Incremental processing by Vinoth Chandar first introduced in O'reilly blog, the blog explained most of the work. In purely technical terms, it refers only to incremental processing flow mini-batch process approach to the preparation process. A typical batch jobs every few hours will consume all inputs and recalculate all outputs. A typical continuous stream processing jobs / every few seconds, a number of new consumer input and recalculate new / changed to output. Although in batch mode to recalculate all of the output may be more simple, but very wasteful and expensive resource-consuming. Hudi has the ability to stream to write the same batch pipeline, run once every few minutes.

Although it can be called stream processing, but we prefer to call it an incremental process, as distinct from the use of Apache Flink, Apache Apex or Apache Kafka Streams built pure stream processing pipeline.

4. Copy (COW) merged with read-write (MOR) What is the difference between the storage type

Copy-on-write (Copy On Write): This type of storage enables clients to ingest data in columnar format (currently parquet). When using COW storage type, any new data written Hudi data sets are written to a new parquet file. Update existing rows will lead to rewrite the entire file parquet (parquet These files contain the affected row to be updated). Therefore, all written for such datasets are restricted parquet write performance, the greater the parquet file, the longer it takes to ingest data.

The combined read (Merge On Read): This type of memory allows clients to quickly uptake based on the data line (e.g.

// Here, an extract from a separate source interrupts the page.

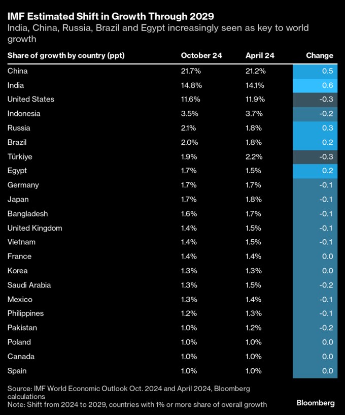 原題:IMF Sees Growth Shift Toward BRICS, Away From G-7 in New Outlook(抜粋)
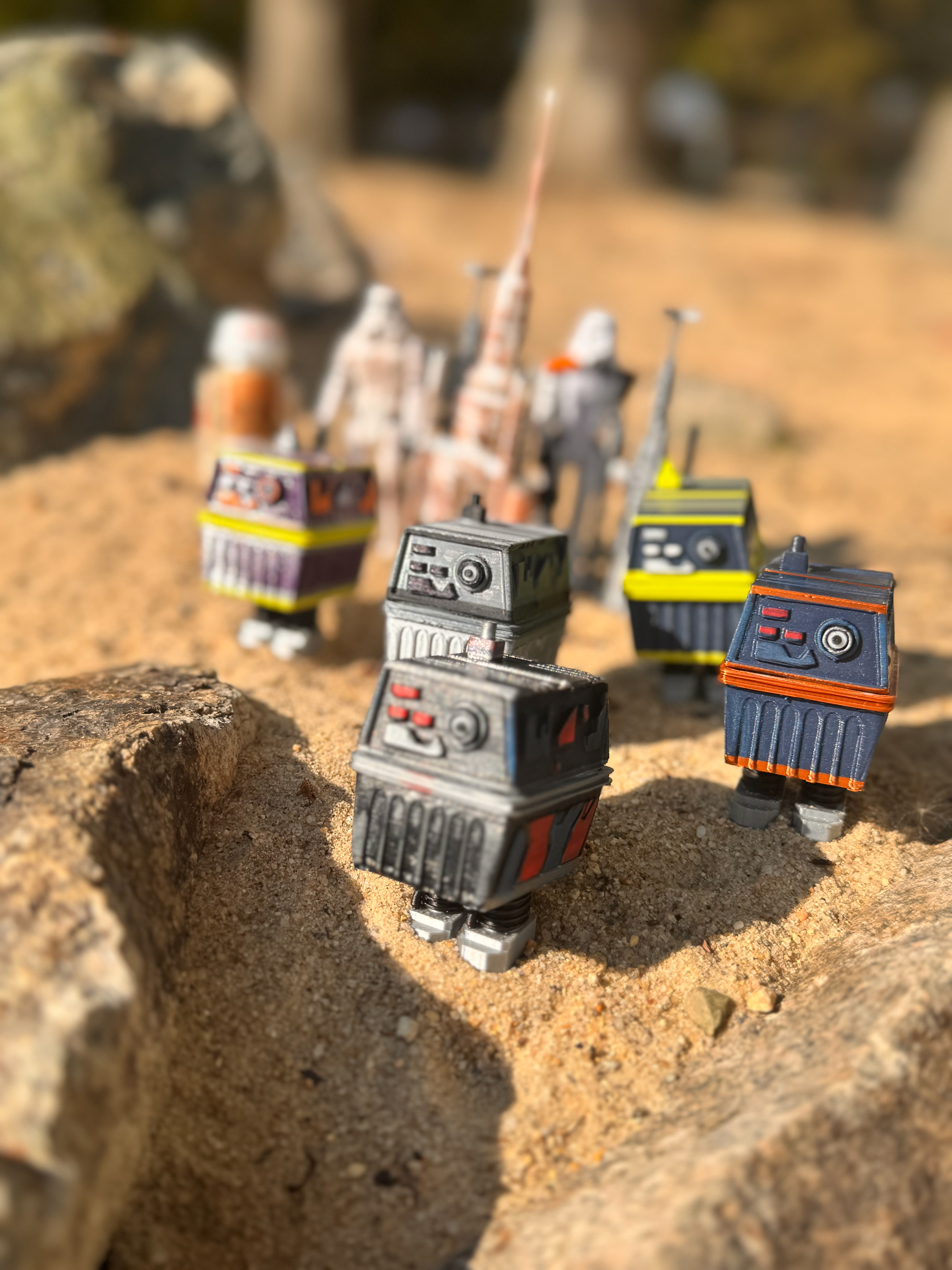 These are 3.75" Star Wars inspired kenner action figures. the legs are fully articulated like the original figures but the size and detailing on these custom figures is more in line with modern toys. I love the blend of the old and new and how these never got to see the screen perhaps.

Avro) data format. When using storage type MOR, any new data written Hudi datasets are written to the new log / delta files that data internally avro encoding. Compression (Compaction) processes (configured as an embedded or asynchronous) to convert the file format of the log file format for a column of formula (parquet).

Two different formats provides two different views (real-time view and enhancement view read), a read column read performance enhancement view depends formula parquet file, and real-time view of the reader performance depending on the column type and / or log files .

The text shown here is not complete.